[[ Data excerpts, beginning ]]

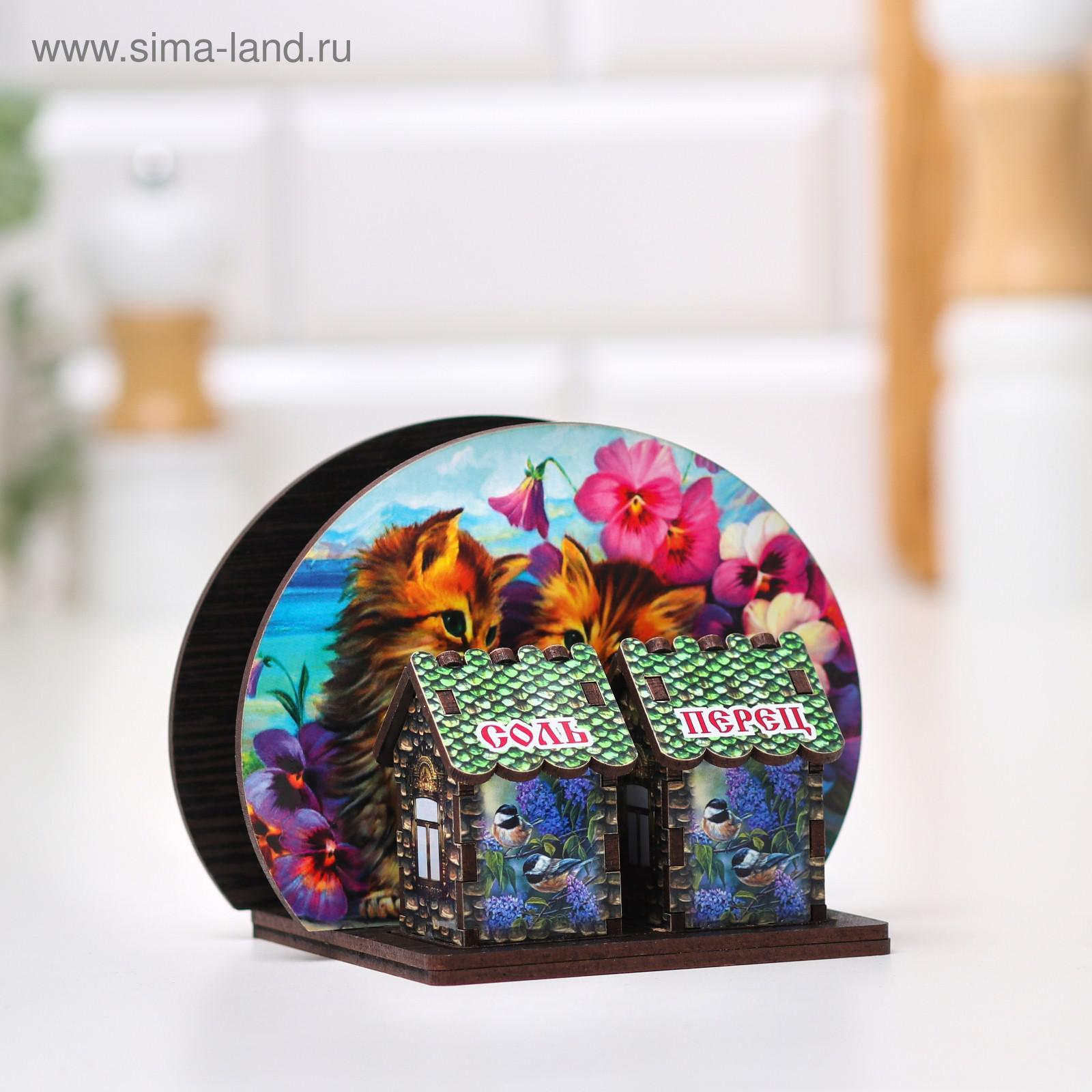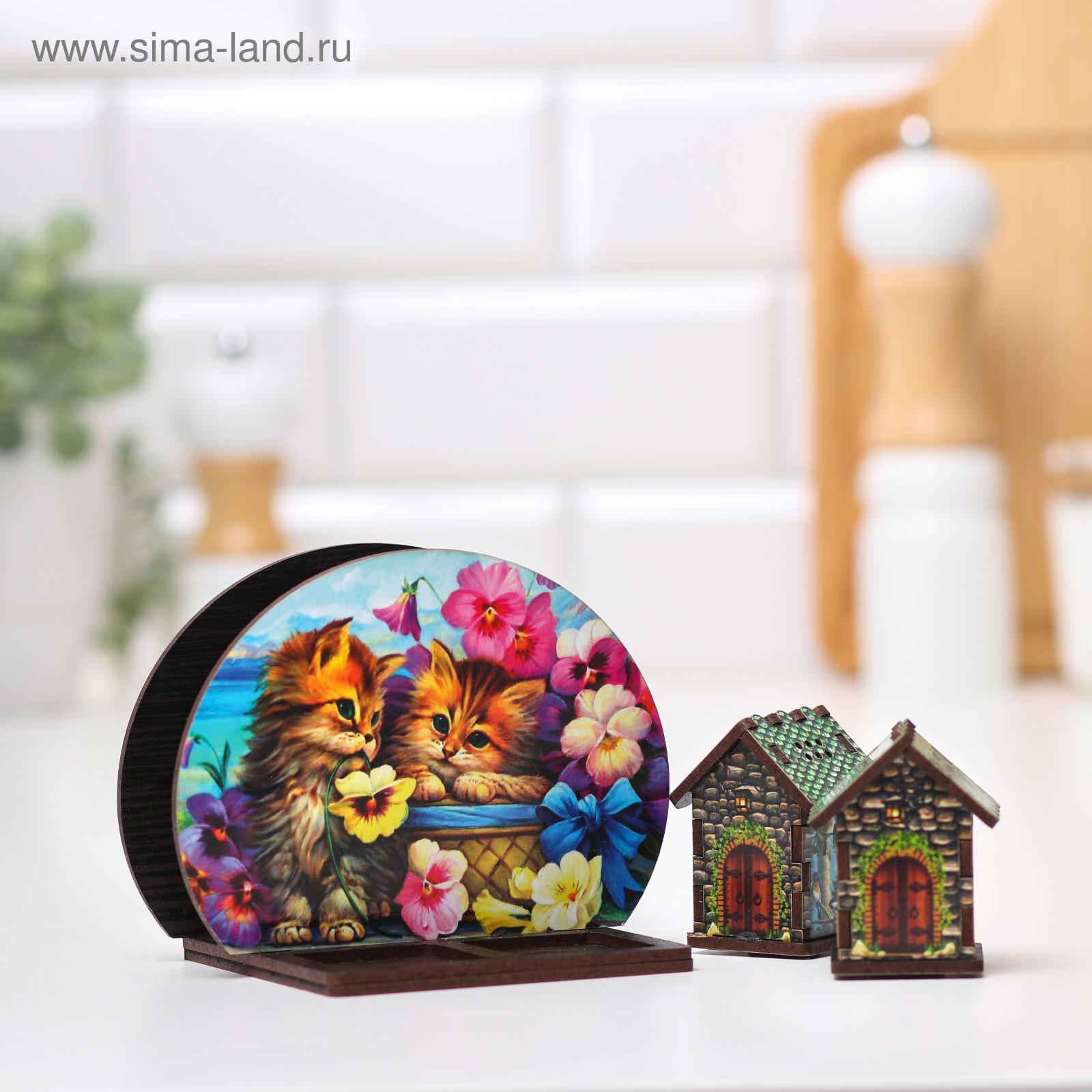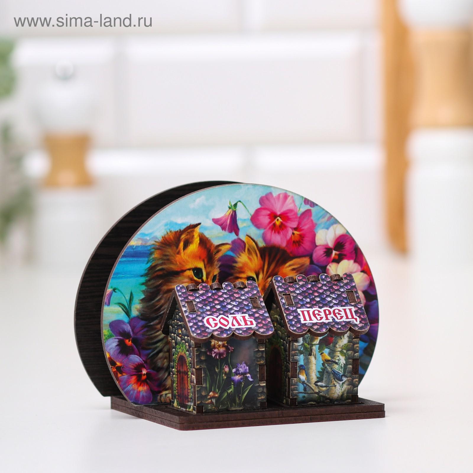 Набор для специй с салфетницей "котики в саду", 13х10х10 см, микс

[[ Data excerpts, end ]]
[[ Data excerpts, beginning ]]

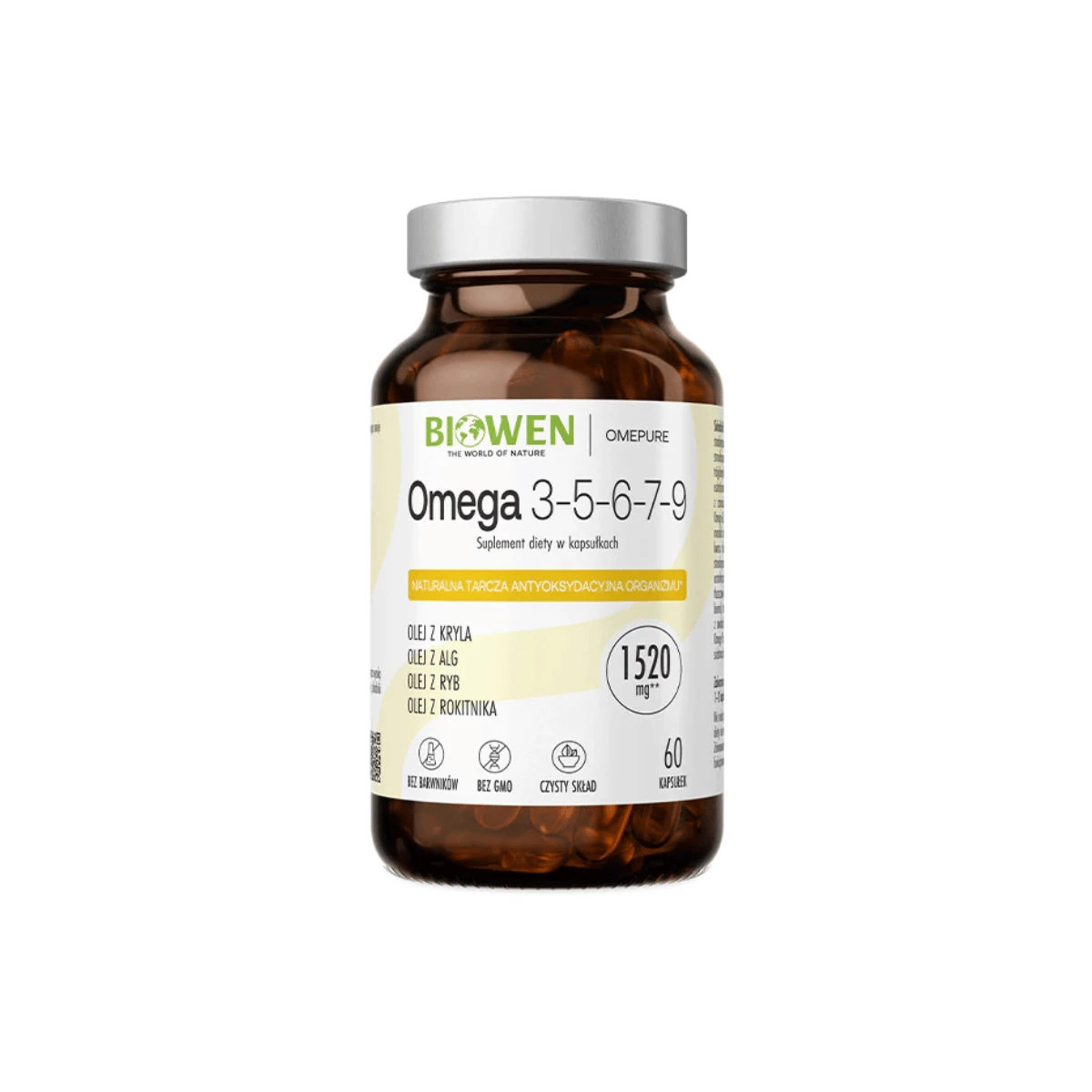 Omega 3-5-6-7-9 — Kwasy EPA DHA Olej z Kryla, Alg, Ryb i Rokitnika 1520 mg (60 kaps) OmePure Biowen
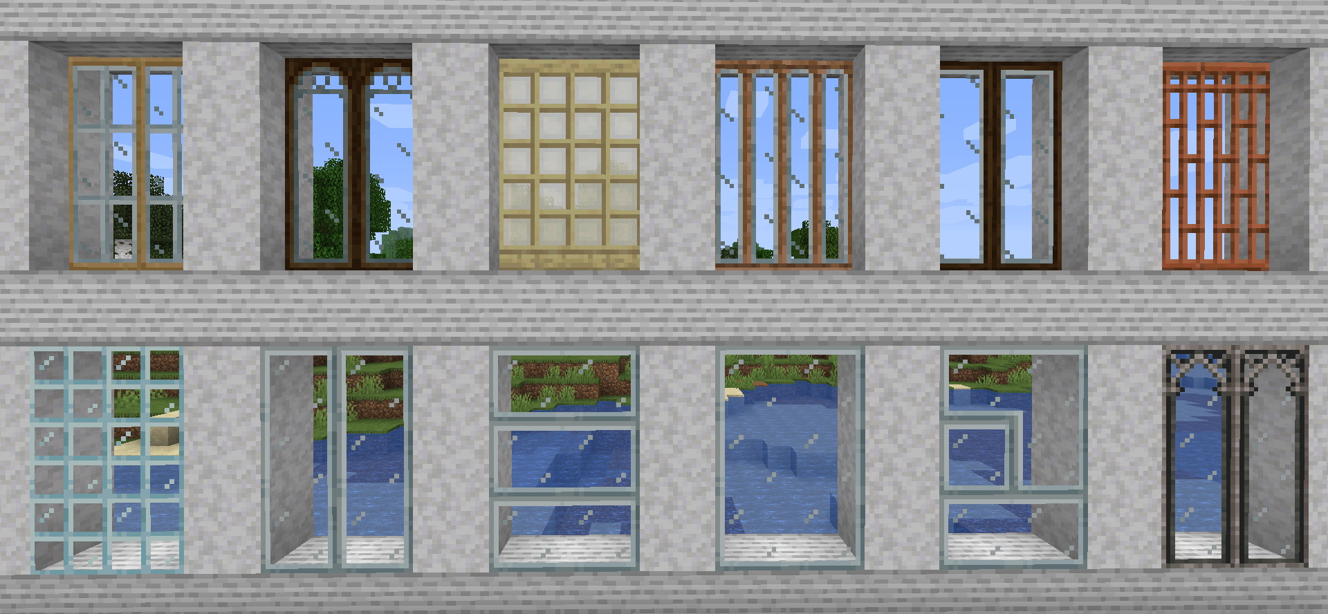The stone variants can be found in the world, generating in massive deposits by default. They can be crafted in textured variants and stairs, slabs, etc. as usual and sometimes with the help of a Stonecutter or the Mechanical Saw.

[[ Data excerpts, end ]]

* _Problem to solve_: Word for word, retype the lines in the entries above that run from the one with "Omega 3-5-6-7-9 —" through the one with "The stone variants". Both ends count; pictures do not.

* _Reply_:
 Omega 3-5-6-7-9 — Kwasy EPA DHA Olej z Kryla, Alg, Ryb i Rokitnika 1520 mg (60 kaps) OmePure Biowen
The stone variants can be found in the world, generating in massive deposits by default. They can be crafted in textured variants and stairs, slabs, etc. as usual and sometimes with the help of a Stonecutter or the Mechanical Saw.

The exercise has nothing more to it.